Active Directory absolutely relies on DNS, this is why you must become an expert on configuring DNS.  Once DNS is setup, it runs itself thanks to the new dynamic component hence DDNS.  TCP/IP knowledge plus understanding of how DNS works is essential when troubleshooting connectivity problems.

What DNS does is enable client machines to resolve servers IP addresses.  Once the client finds the server, Active Directory uses LDAP to locate services like Kerberos, Global Catalog that clients request.

Your first domain controller can be tricky to setup.  To begin with plan then check the Computer Name found in the System Icon.  Before you run DCPROMO make sure you have the correct Primary DNS Suffix, drill down through the More.. button.

My tactic is to do as little configuring of the forward lookup zone as possible and leave it all to the DCPROMO wizard.  Once Active Directory creates the forward lookup zone, I configure Active Directory integration to to replicate DNS records to the other servers.  Then I manually create the reverse lookup zone, add PTR records and check with NSLOOKUP.

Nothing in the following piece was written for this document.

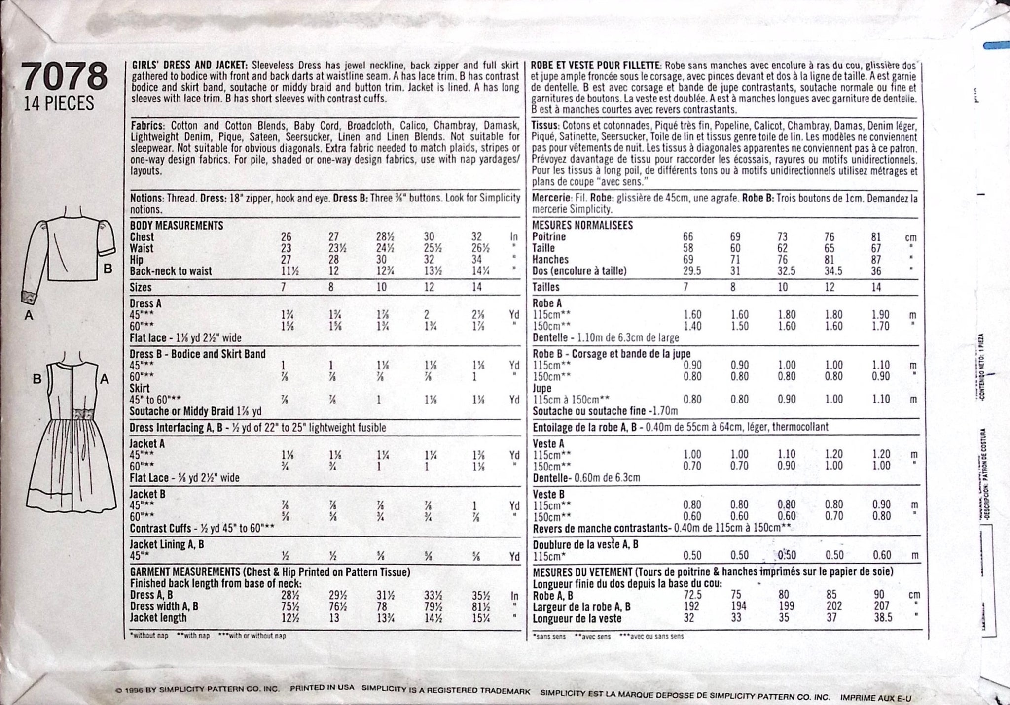 Girls Dress & Jacket: The jacket can be tailored with either short or long sleeves, providing versatility for different seasons. Meanwhile, the dress offers two different style options, ensuring plenty of variety in your little one's wardrobe. Whether it's a formal occasion or everyday wear, this pattern offers endless possibilities for stylish and adorable outfits. ©1996.

20. DHCP (Dynamic Host Control Protocol)

I used to think you needed a DHCP server on every Subnet, but now I recommend just two DHCP servers to share each scope, with a DHCP relay agent on each subnet.  DHCP fits in well with DNS and domain controllers, so I would install DHCP on selected domain controllers.

Once you have installed DHCP, there is much configuration work. But before you do anything else, you must Authorize the DHCP servers in Active Directory.  I believe this authorization is a device to make you stop and think 'do I need another DHCP server?'  Officially the authorization is to prevent rogue techies installing an extra DHCP server when it takes their fancy.